Syahdan, serial itu segera dihantam Nyoto, ahli ideologi PKI. Tokoh muda PKI ini, melalui serangkaian tajuk rencana di koran PKI, Harian Rakyat, menyerang keras tulisan-tulisan Sayuti Melik yang dimuat koran-koran di berbagai daerah yang anti PKI. Bagi Nyoto, dan surat-surat pro komunis, apa yang ditulis Sayuti Melik justru merupakan penghianatan terhadap ajaran-ajaran Bung Karno.
Lalu, bagaimana Bung Karno sendiri? Saat polemik di pers dan masyarakat menghangat, ternyata tafsir Sayuti Melik yang dianggap salah. Tafsir Nyoto itulah yang dianggap benar. Dan, hantaman bertubi-tubi terhadap BPS (Badan Pendukung Sukarnoisme) yang diprakarsai Adam Malik, BM Diah dan Sumantoro, dikumandangkan tiap hari di koran-koran kiri. Tokoh PKI Ir Anwar Sanusi, misalnya, mengatakan, ”Setelah DI/TII gagal, kaum reaksioner di dalam negeri memakai nama Sukarnoisme untuk menentang arus sejarah dan gerakan revolusioner rakyat Indonesia.”
Setelah berhari-hari terjadi demo-demo di tanah air minta BPS dibubarkan. Puncaknya, pada 24 Pebruari 1995, Presiden Sukarno selaku Pangti ABRI dan Pemimpin Besar Revolusi (PBR) di hadapan massa yang memenuhi Istora Senayan memerintahkan, ”Bubarkan Semua Koran, Organiswasi dan alat-alat antek BPS.”
Bung Karno menuduh BPS agen CIA (badan intelijen AS) — yang menggunakan ”Soekarnoisme” guna membunuh Sukarnoisme dan membunuh Sukarno. Pembubaran BPS itu dicanangkan dalam acara HUT PWI Pusat. Bung Karno juga menuduh BPS mendapat dana jutaan dolar AS dari CIA. Beberapa kawan saya yang korannya dituduh terlibat BPS dengan menyindir berkata, ”Kalau begitu gua kaya raya dong”.
Sementara, Nyoto berkomentar, ”Tindakan Presiden memerintahkan membubarkan sdurat-surat kabar BPS sesuai dengan tuntutan revolusi.”
Hanya sehari setelah perintah Bung Karno, Departemen Penerangan melarang terbit 21 surat kabar yang memuat tulisan Sayuti Melik.
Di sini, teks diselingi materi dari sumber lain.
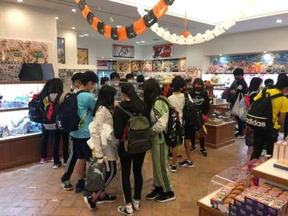 ホテルのお土産売り場で、あれこれ真剣に品定めをして買い物をしていました。

Di antara koran-koran yang dibreidel adalah Berita Indonesia, Merdeka, Warta Berita, Indonesian Observer dan Suluh Massa.
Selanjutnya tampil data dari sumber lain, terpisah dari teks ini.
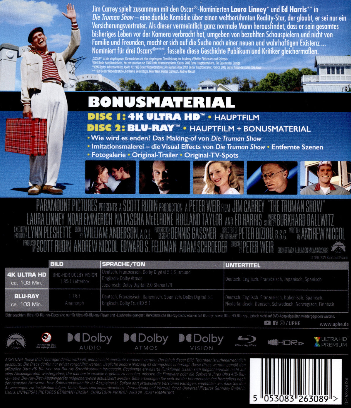 Er ist der Star der Show, aber er weiß es nicht. Jim Carrey begeistert als ahnungsloser Truman Burbank sowohl Kritiker als auch Publikum - in diesem großartigen Film von Regisseur Peter Wier ("Witness", "Der Club der toten Dichter") über einen Mann, dessen Leben eine ununterbrochene TV-Show ist. Truman realisiert nicht, dass seine idyllische Heimatstadt ein gigantisches Studio darstellt, das von einem visionären Produzenten/Regisseur/Kreativen (Ed Harris) entwickelt wurde, dass die Leute, die dort leben und arbeiten, Hollywood-Schauspieler sind und dass auch seine unaufhörlich plappernde Ehefrau eine vertraglich gebundene Mitspielerin ist. Nach und nach kommt Truman dahinter. Und was er nach seiner Entdeckung macht, wird Sie zum Lachen, Weinen und zum Jubeln bringen wie kaum ein anderer Film zuvor.

Sebelumnya, Bung Karno membubarkan Manikebu (Manifesto Kebudayaan) yang dicetuskan oleh HB Yassin dan Wiratmo Sukito untuk mengimbangi LEKRA-nya PKI. Manikebu difatwakan menjadi barang haram karena ”melemahkan revolusi”. Kemudian disusul dengan pembubaran Partai Murba, partai yang menjadi musuh utama PKI, setelah Masyumi dan PSI dibubarkan.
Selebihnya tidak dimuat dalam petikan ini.